◆ **Stored entries**:
▬▬▬▬▬▬▬▬▬▬

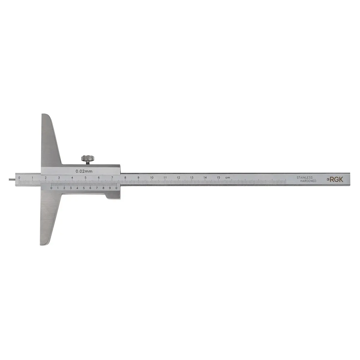 Штангенглубиномер RGK SCGM-150 относится к ручным механическим инструментам раздвижного типа, предназначенным для контроля геометрических параметров изделий и деталей в ходе изготовления и ремонта. Он позволяет производить измерение высот и глубин в диапазоне до 150 мм, считывая показания по нониусу с разрешением 0,02 мм, а также выполнять необходимую разметку. Устройство изготовлено из закаленной нержавеющей стали и характеризуется неприхотливостью и высокой износостойкостью, благодаря чему подходит для использования в жестких промышленных и полевых условиях.
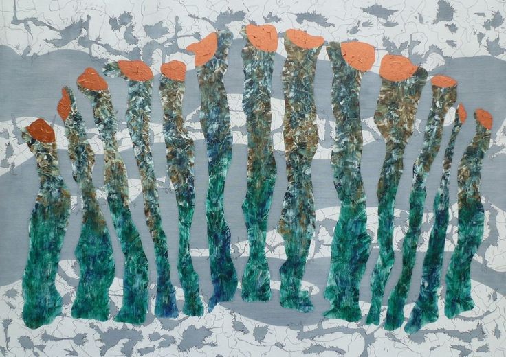 Abstract schilderij uitgevoerd in Olieverf en Inkt op Linnen
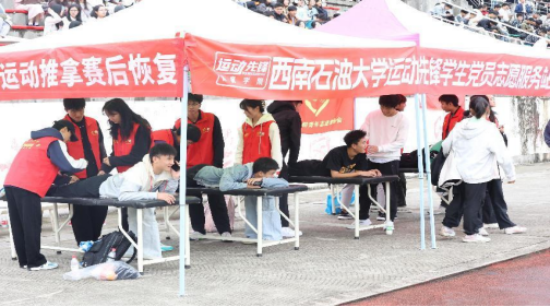 體育學院運動先鋒學生黨員為運動員提供推拿志愿服務
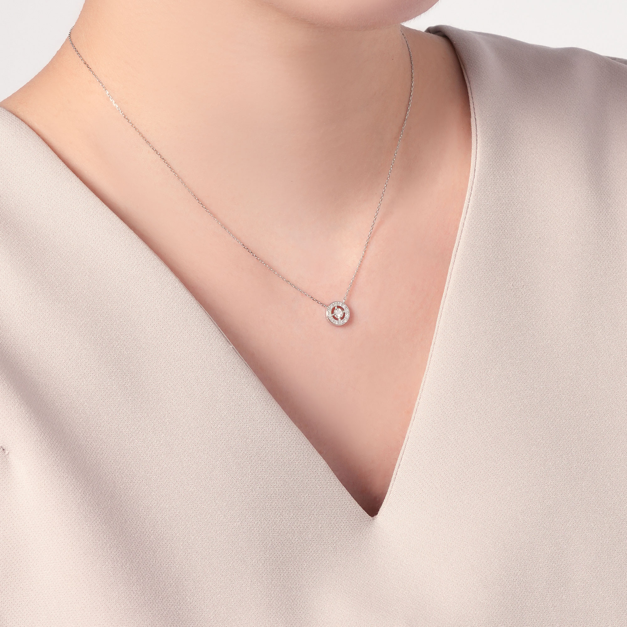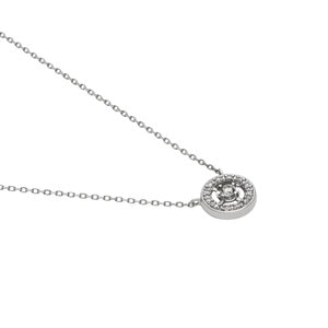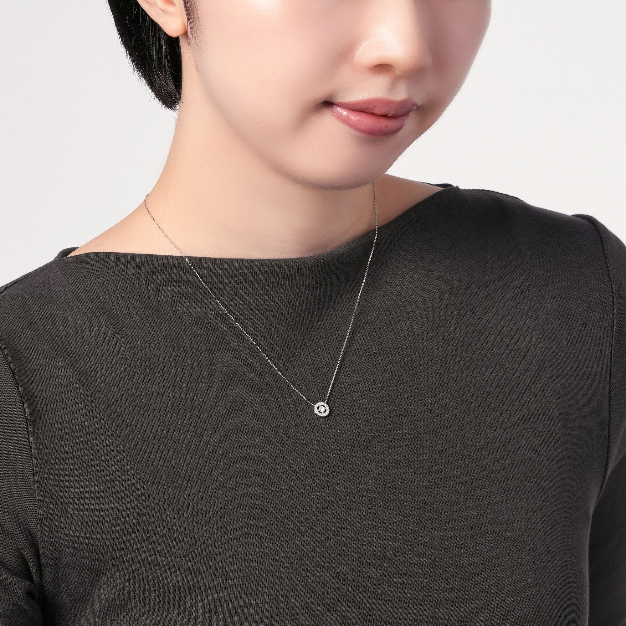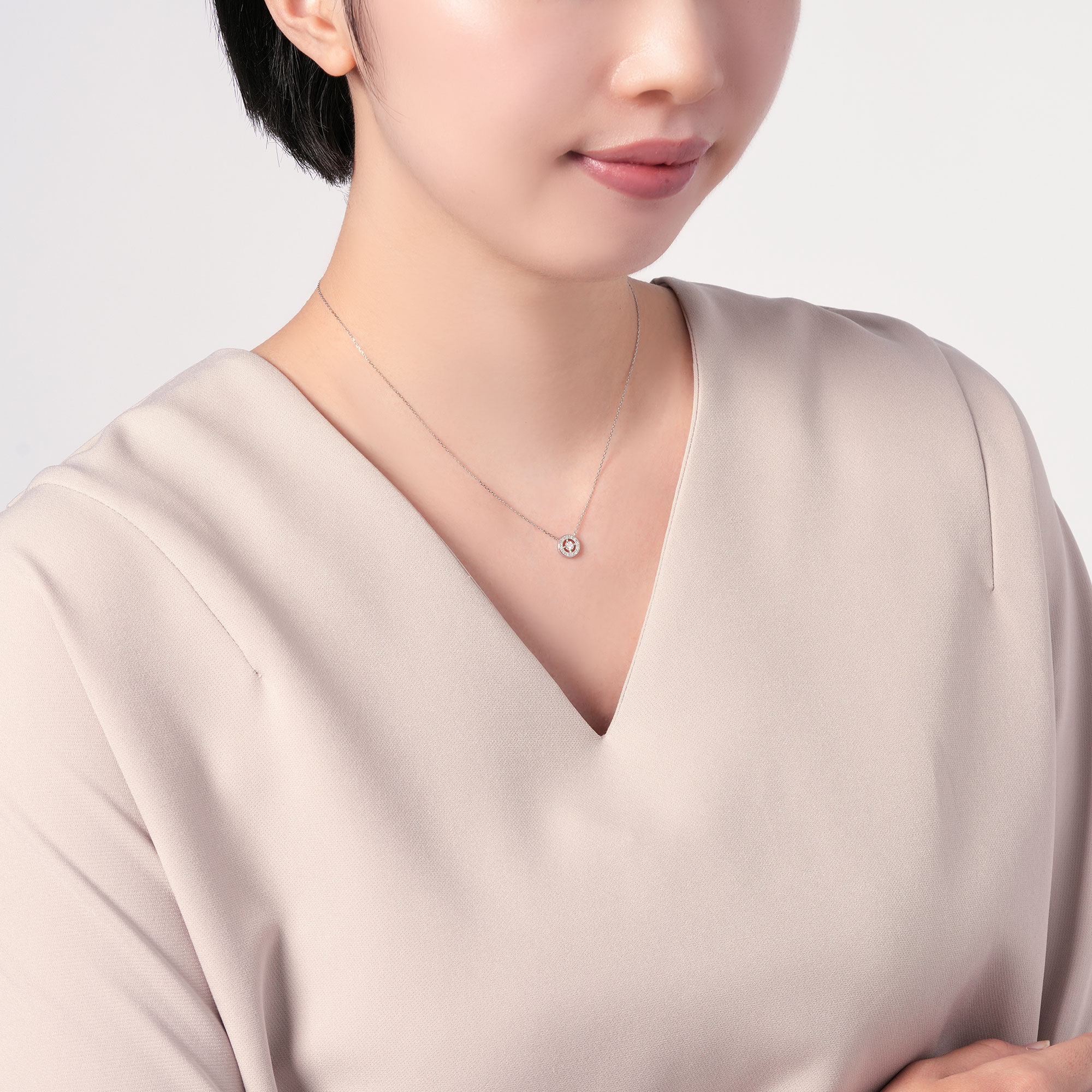 粒感のあるセンターストーンを繊細なメレダイヤモンドで取り巻いた、正統感溢れるネックレス。
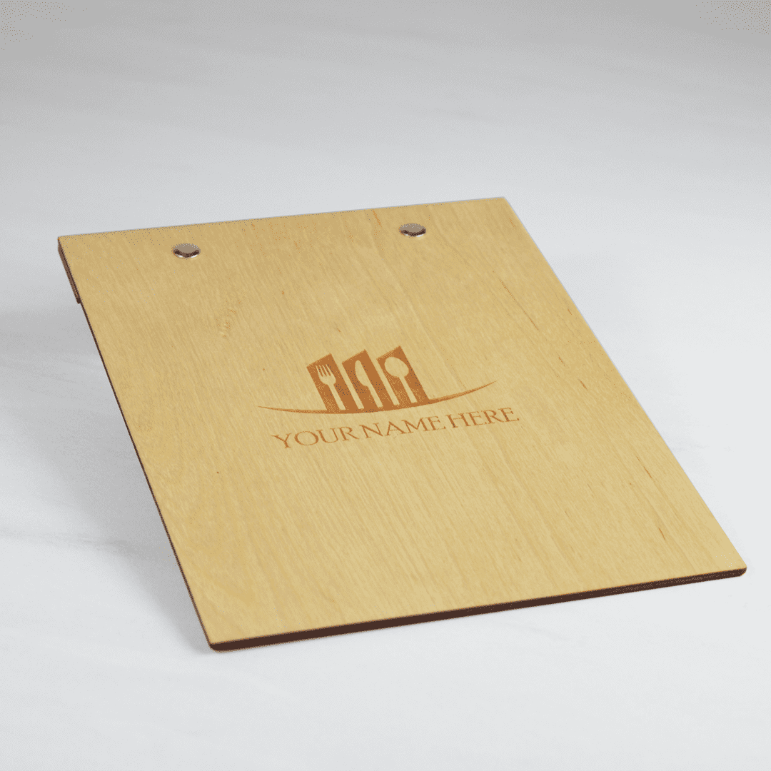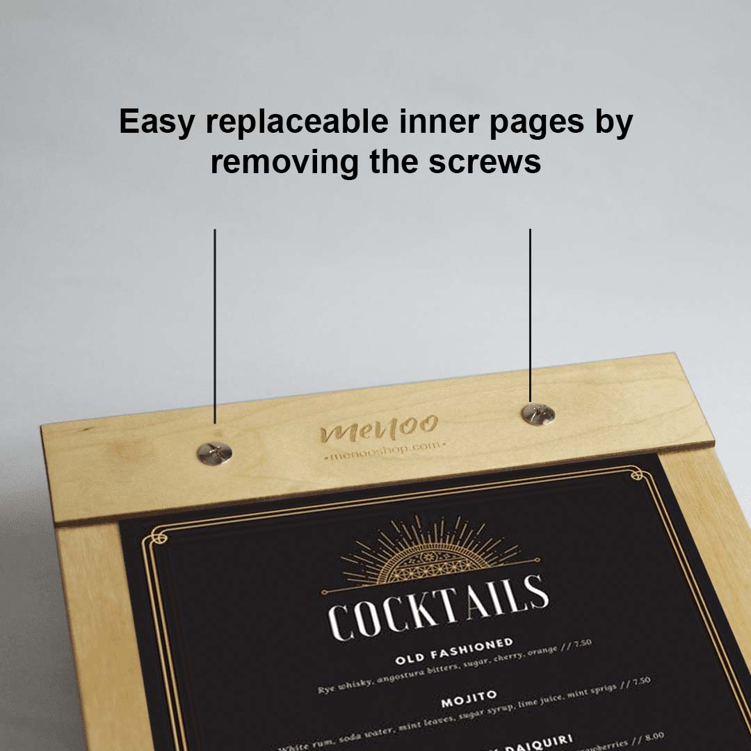 ✔ What’s included: Prices cover all laser engravings of your logos and internal accessories (screws, metal rings and wooden components) required to hold your menu’s inner pages.
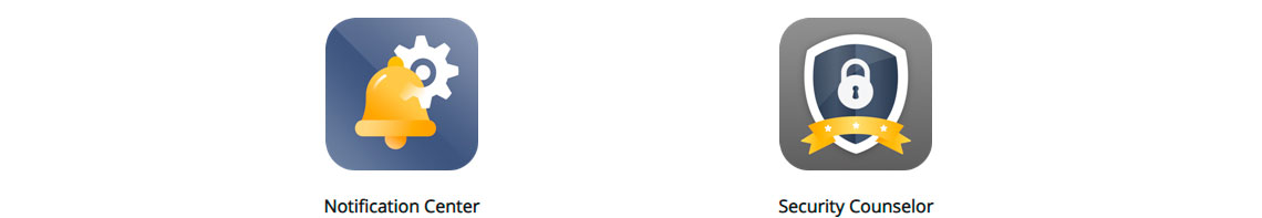 Outro recurso importante é o Conselheiro de segurança, que verifica os pontos fracos e oferece recomendações, consolidando logs do sistema, software antivírus e anti-malware, mantendo assim todas as notificações sobre o sistema num único aplicativo.
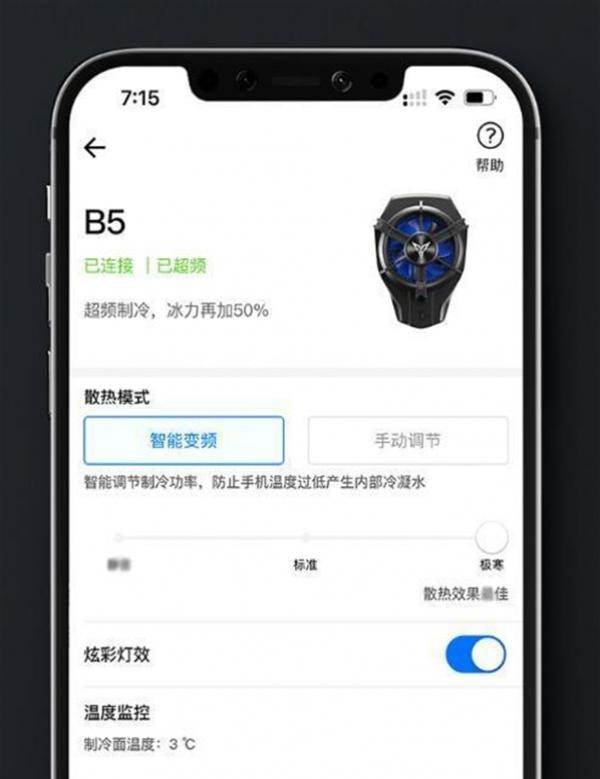 目前好多产品都慢慢执行智能化,这款飞智B5散热器也一样,它有着专属的APP操纵散热器,在衔接后,就能在手机上调节约冷强度以及档位,十分简单上手,轻松玩转你的散热器。
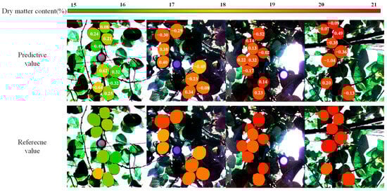 Comparison of predicted and measured values for sample fruits. Note: The numbers in the figure represent the difference between the predicted value and the reference value (i.e., predictive value—reference value).
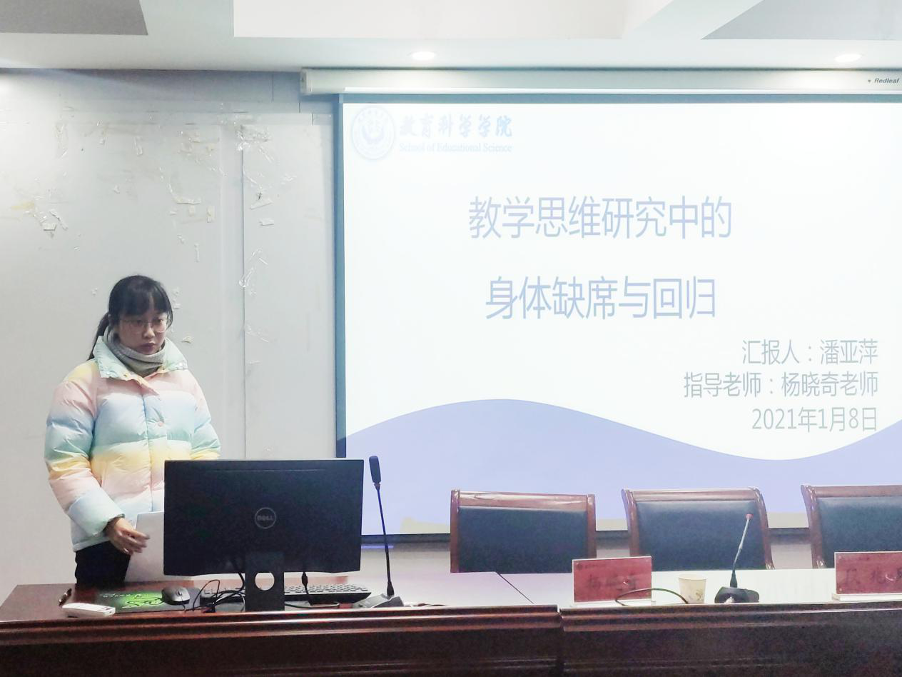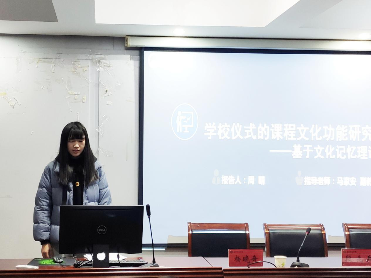 进行学位论文开题报告的研究生依次是周晴、王静、陈学超、邹秀秀、郝倩倩、曲春璐、潘亚萍、梁艺敏8位同学。周晴同学的论文选题为《学校仪式的课程文化功能研究——基于文化记忆理论》。李卯老师建议应首先明确学校仪式与课程文化的关系,即论文中是把学校仪式看成课程文化还是说学校仪式与课程文化是平行关系,其次还建议补充关于学校仪式和课程文化研究的文献综述;吴支奎老师指出学校仪式涉及的内容很多,需聚焦在一个点上进行论文写作;段兆兵老师认为应该先明确文化功能究竟有哪些,然后在此基础上再去探讨课程文化;杨晓奇老师首先肯定了选题的新颖性,但同时也指出应就文化记忆理论对于学校仪式的适切性和理论解释力进行论证说明。王静同学的论文选题为《中小学名师教学洞察力生成的叙事研究》,她从选题缘由、文献综述与研究反思、研究方法与内容、研究创新和写作与访谈提纲五个方面进行了汇报。李卯老师指出论文研究对象和目的不明确,应就中小学名教师洞察力与一般教师洞察力的差异进行解释说明;马家安老师建议完善分析名教师教学洞察力的理论基础;段兆兵老师指出论文在研究思路、结构框架和标题方面应当表述清楚;杨晓奇老师建议要明确是总体的叙事研究还是个体的叙事研究,建立基本的理论分析框架。
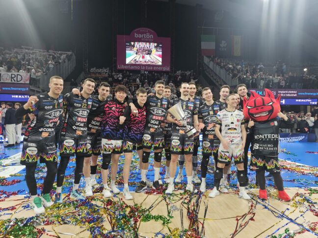 In campo, schierati da coach Lorenzetti, Giannelli, Ben Tara, Semeniuk, Plotnytskyi, Crosato, Russo e Colaci. Lo starting six di coach Eccheli: Frascio, Atanasov, Rohrs, Beretta, Mosca, Zimmermann e Scanferla. Mvp Kamil Semeniuk.
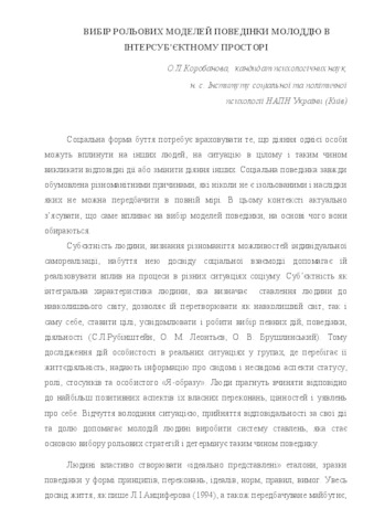 - Коробанова, О.Л. (orcid.org/0000-0003-3539-871X) (2015) The choice of behavior role models in intersubject space Особистість у сучасному світі. ІІІ Всеукраїнський психологічний конгрес з міжнародною участю (2). pp. 171-175.
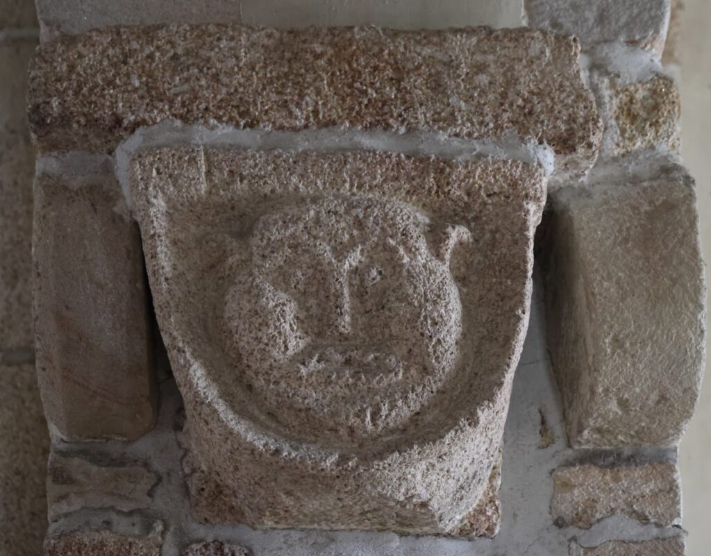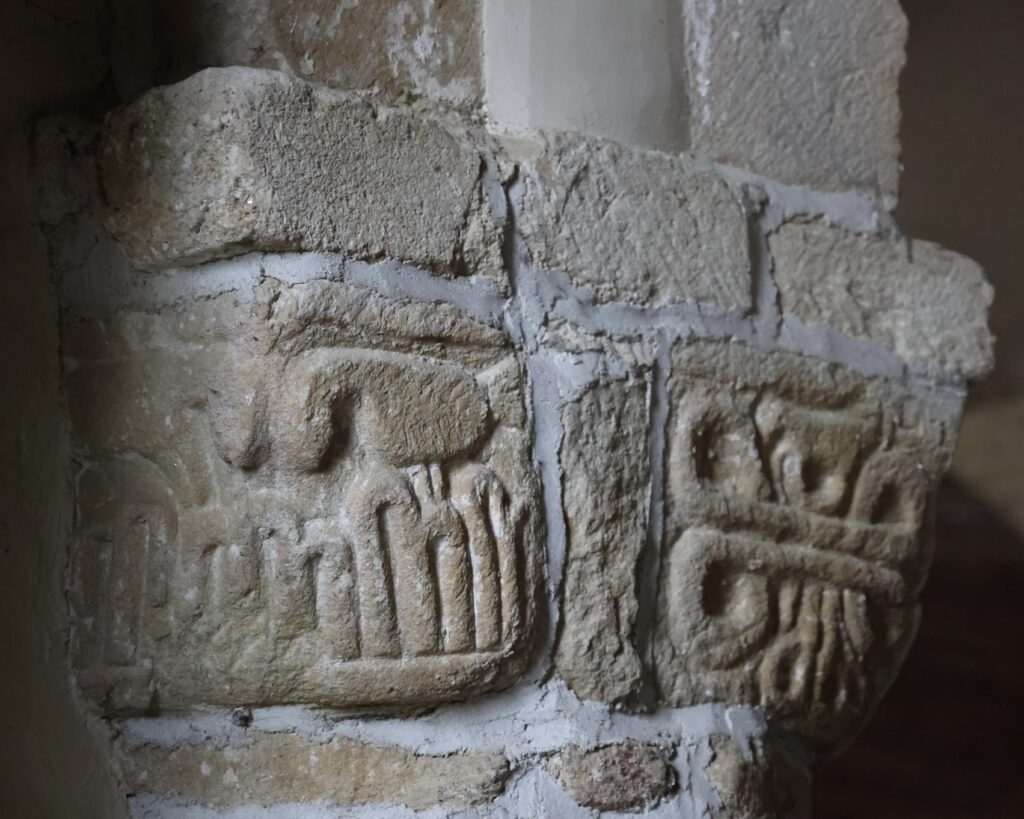 人物の顔が彫られた柱頭もあります。

▬▬▬▬▬▬▬▬▬▬

◆ **Exercise**: Every line of the records above should be reproduced exactly, with no pictures included.

◆ **Task result**:
 Штангенглубиномер RGK SCGM-150 относится к ручным механическим инструментам раздвижного типа, предназначенным для контроля геометрических параметров изделий и деталей в ходе изготовления и ремонта. Он позволяет производить измерение высот и глубин в диапазоне до 150 мм, считывая показания по нониусу с разрешением 0,02 мм, а также выполнять необходимую разметку. Устройство изготовлено из закаленной нержавеющей стали и характеризуется неприхотливостью и высокой износостойкостью, благодаря чему подходит для использования в жестких промышленных и полевых условиях.
 Abstract schilderij uitgevoerd in Olieverf en Inkt op Linnen
 體育學院運動先鋒學生黨員為運動員提供推拿志愿服務
 粒感のあるセンターストーンを繊細なメレダイヤモンドで取り巻いた、正統感溢れるネックレス。
 ✔ What’s included: Prices cover all laser engravings of your logos and internal accessories (screws, metal rings and wooden components) required to hold your menu’s inner pages.
 Outro recurso importante é o Conselheiro de segurança, que verifica os pontos fracos e oferece recomendações, consolidando logs do sistema, software antivírus e anti-malware, mantendo assim todas as notificações sobre o sistema num único aplicativo.
 目前好多产品都慢慢执行智能化,这款飞智B5散热器也一样,它有着专属的APP操纵散热器,在衔接后,就能在手机上调节约冷强度以及档位,十分简单上手,轻松玩转你的散热器。
 Comparison of predicted and measured values for sample fruits. Note: The numbers in the figure represent the difference between the predicted value and the reference value (i.e., predictive value—reference value).
 进行学位论文开题报告的研究生依次是周晴、王静、陈学超、邹秀秀、郝倩倩、曲春璐、潘亚萍、梁艺敏8位同学。周晴同学的论文选题为《学校仪式的课程文化功能研究——基于文化记忆理论》。李卯老师建议应首先明确学校仪式与课程文化的关系,即论文中是把学校仪式看成课程文化还是说学校仪式与课程文化是平行关系,其次还建议补充关于学校仪式和课程文化研究的文献综述;吴支奎老师指出学校仪式涉及的内容很多,需聚焦在一个点上进行论文写作;段兆兵老师认为应该先明确文化功能究竟有哪些,然后在此基础上再去探讨课程文化;杨晓奇老师首先肯定了选题的新颖性,但同时也指出应就文化记忆理论对于学校仪式的适切性和理论解释力进行论证说明。王静同学的论文选题为《中小学名师教学洞察力生成的叙事研究》,她从选题缘由、文献综述与研究反思、研究方法与内容、研究创新和写作与访谈提纲五个方面进行了汇报。李卯老师指出论文研究对象和目的不明确,应就中小学名教师洞察力与一般教师洞察力的差异进行解释说明;马家安老师建议完善分析名教师教学洞察力的理论基础;段兆兵老师指出论文在研究思路、结构框架和标题方面应当表述清楚;杨晓奇老师建议要明确是总体的叙事研究还是个体的叙事研究,建立基本的理论分析框架。
 In campo, schierati da coach Lorenzetti, Giannelli, Ben Tara, Semeniuk, Plotnytskyi, Crosato, Russo e Colaci. Lo starting six di coach Eccheli: Frascio, Atanasov, Rohrs, Beretta, Mosca, Zimmermann e Scanferla. Mvp Kamil Semeniuk.
 - Коробанова, О.Л. (orcid.org/0000-0003-3539-871X) (2015) The choice of behavior role models in intersubject space Особистість у сучасному світі. ІІІ Всеукраїнський психологічний конгрес з міжнародною участю (2). pp. 171-175.
 人物の顔が彫られた柱頭もあります。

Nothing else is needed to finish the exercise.